§ **GIVEN INFORMATION**:
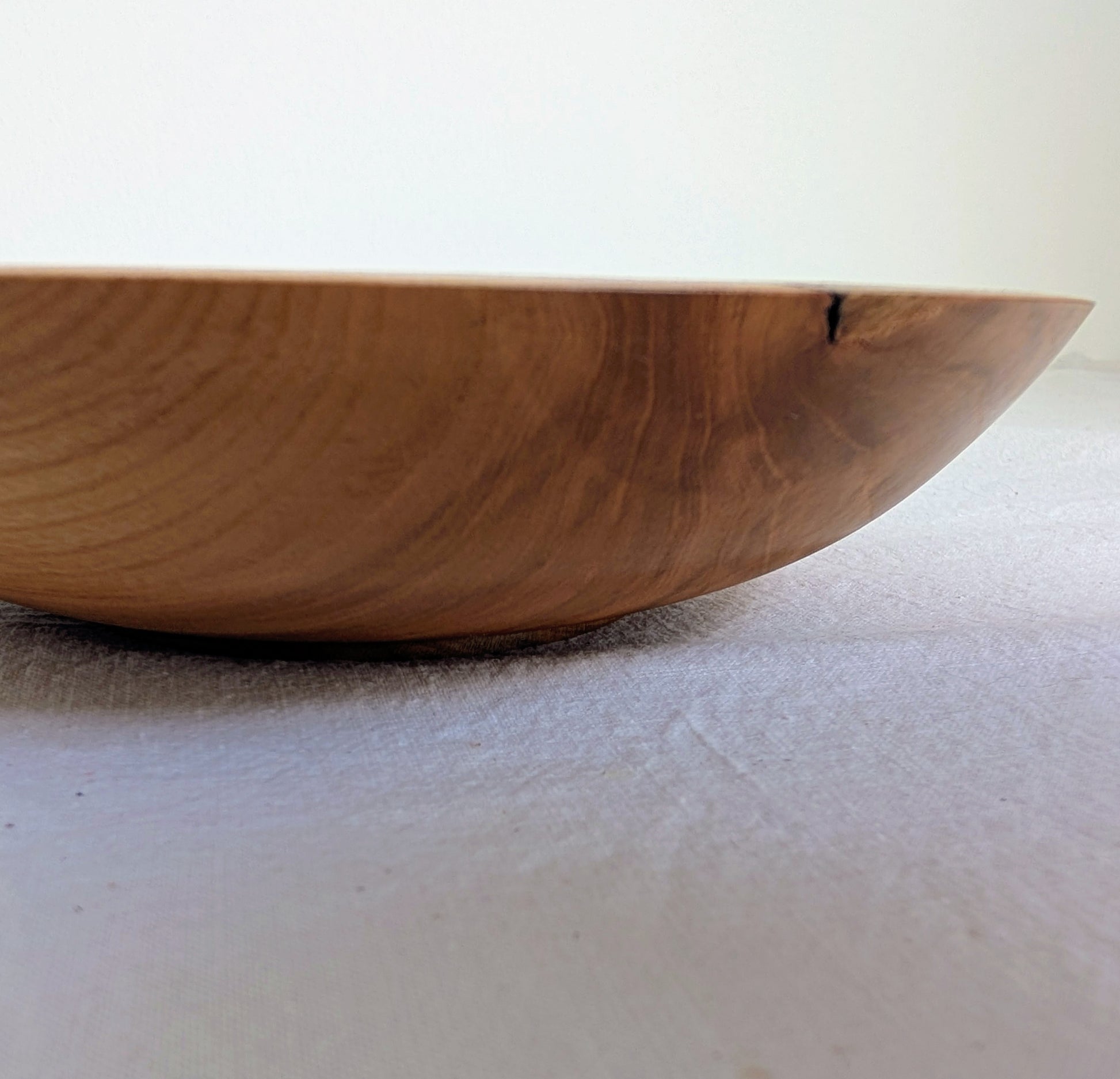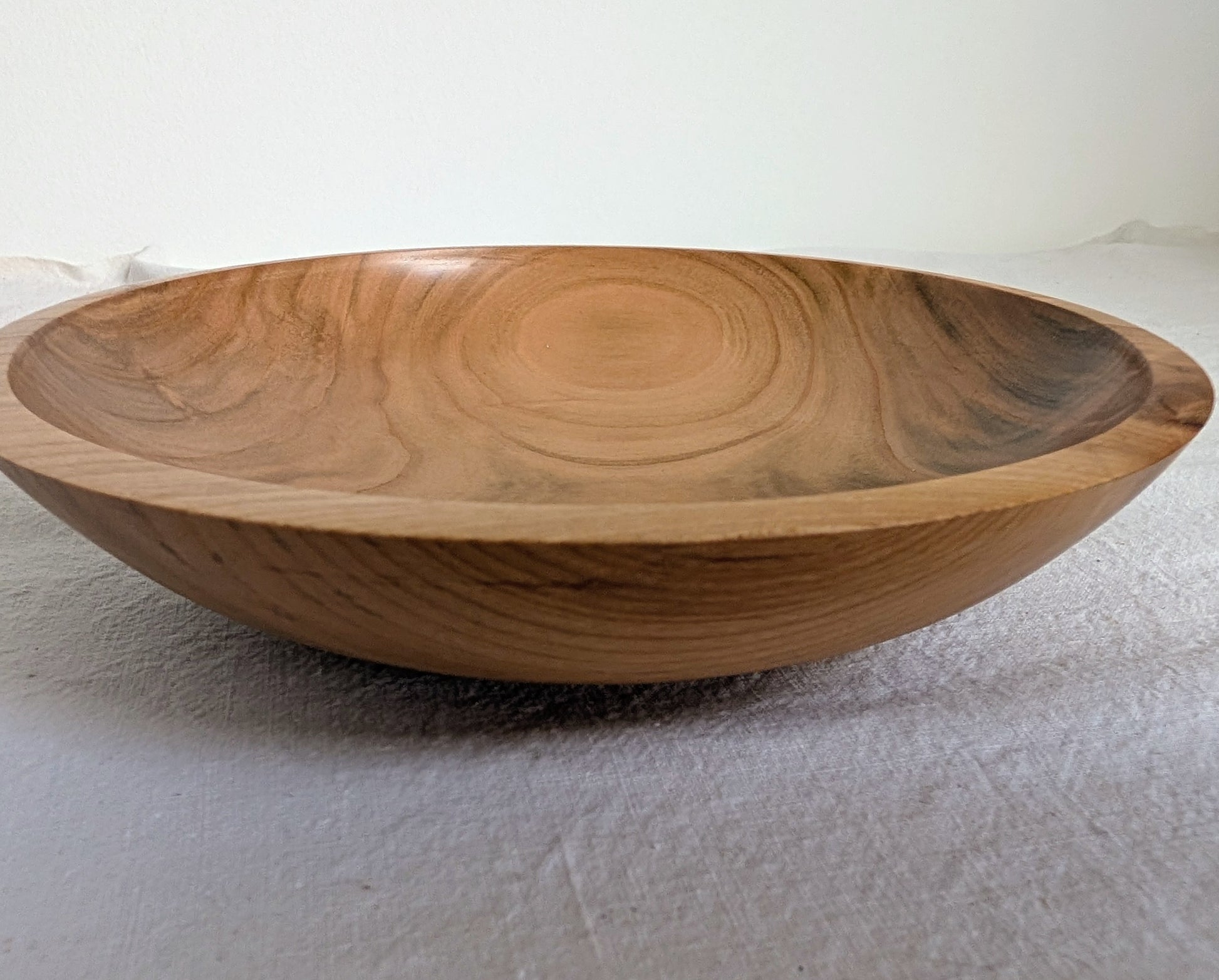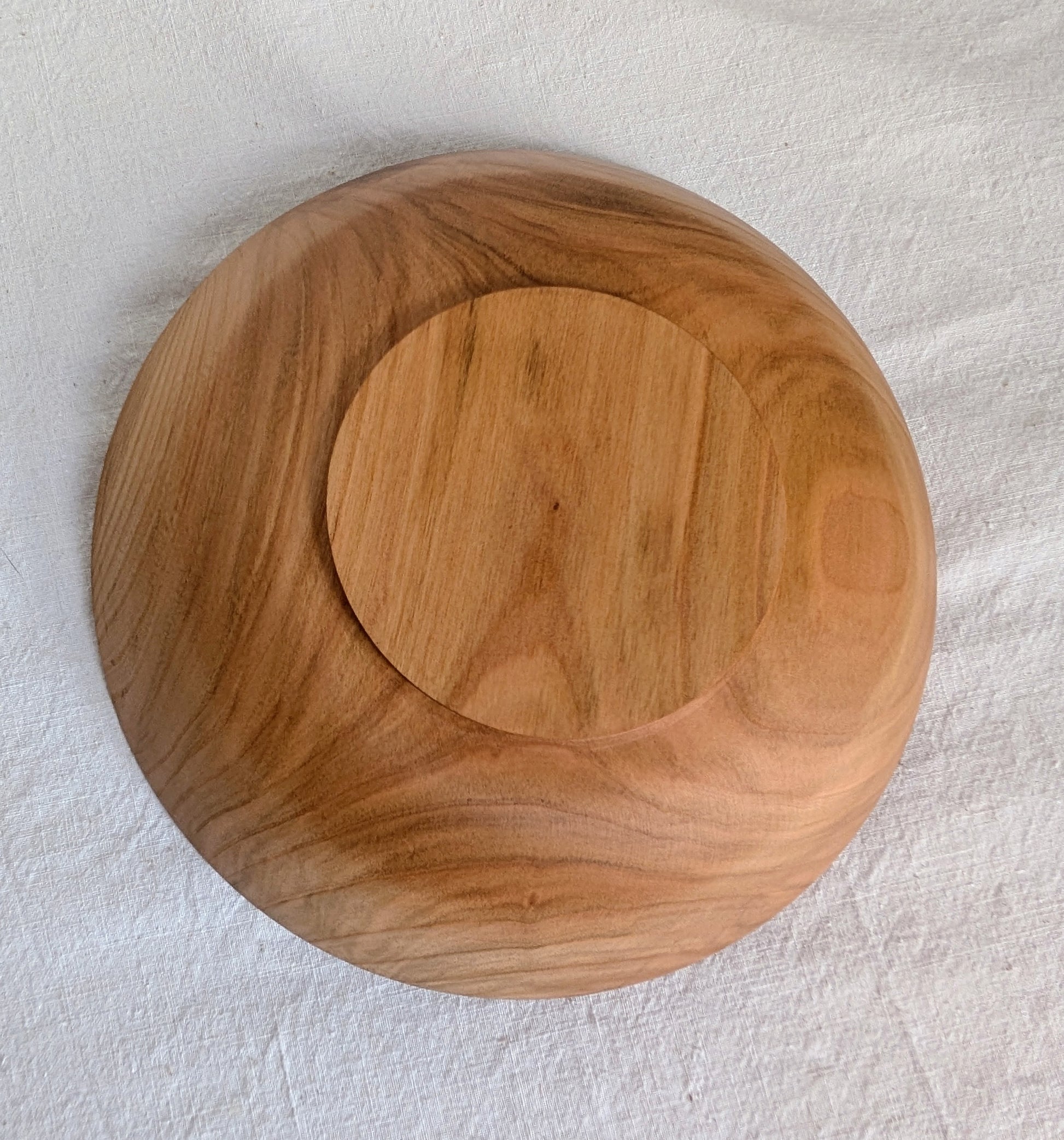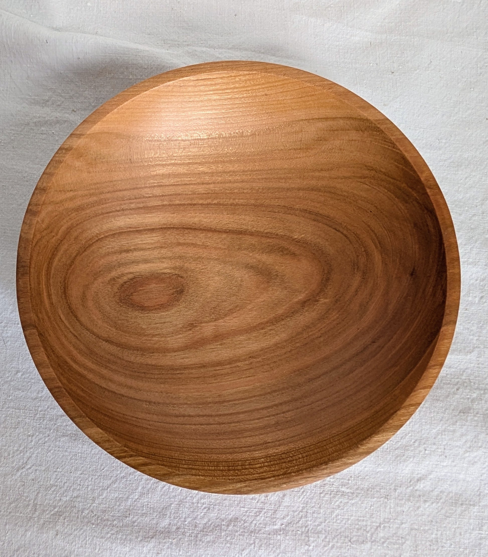 - Bowl B has a wider, flat edge, but no lip. The wood has a figure like a cross in the bowl, and a simple flat base.
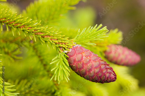 tree, cone, season, background, nature, macro, forest, needle, wood, detail, evergreen, coniferous, tree branch, closeup, fir, decoration, green, red, twig, outdoors, single, botanical, blossom, summer
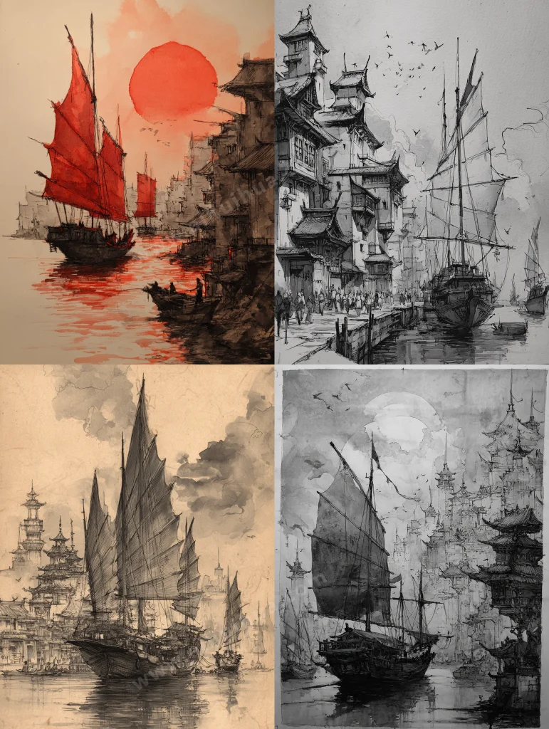 中文大意:一幅丁克夫森风格的水墨画,错综复杂的线条与富有表现力的对比,一艘中国垃圾船驶入东南亚中世纪港口的水墨素描,日落 --ar 3:4
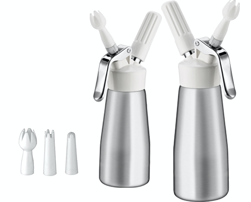 I sifoni sono molto diffusi per produrre spume leggere, come la panna montata, e sono costituiti da un contenitore in acciaio o alluminio, in cui vengono versati gli ingredienti, e una testa, in plastica o metallo, con il beccuccio erogatore e una valvola a cui si collega la cartuccia di gas. Tuttavia, se la testa è in plastica, potrebbe non essere in grado di resistere alla pressione generata dal gas ed esplodere.

§ **TASK TO CARRY OUT**: Reproduce the material exactly; keep pictures out.

§ **ANSWER SPACE**:
 - Bowl B has a wider, flat edge, but no lip. The wood has a figure like a cross in the bowl, and a simple flat base.
 tree, cone, season, background, nature, macro, forest, needle, wood, detail, evergreen, coniferous, tree branch, closeup, fir, decoration, green, red, twig, outdoors, single, botanical, blossom, summer
 中文大意:一幅丁克夫森风格的水墨画,错综复杂的线条与富有表现力的对比,一艘中国垃圾船驶入东南亚中世纪港口的水墨素描,日落 --ar 3:4
 I sifoni sono molto diffusi per produrre spume leggere, come la panna montata, e sono costituiti da un contenitore in acciaio o alluminio, in cui vengono versati gli ingredienti, e una testa, in plastica o metallo, con il beccuccio erogatore e una valvola a cui si collega la cartuccia di gas. Tuttavia, se la testa è in plastica, potrebbe non essere in grado di resistere alla pressione generata dal gas ed esplodere.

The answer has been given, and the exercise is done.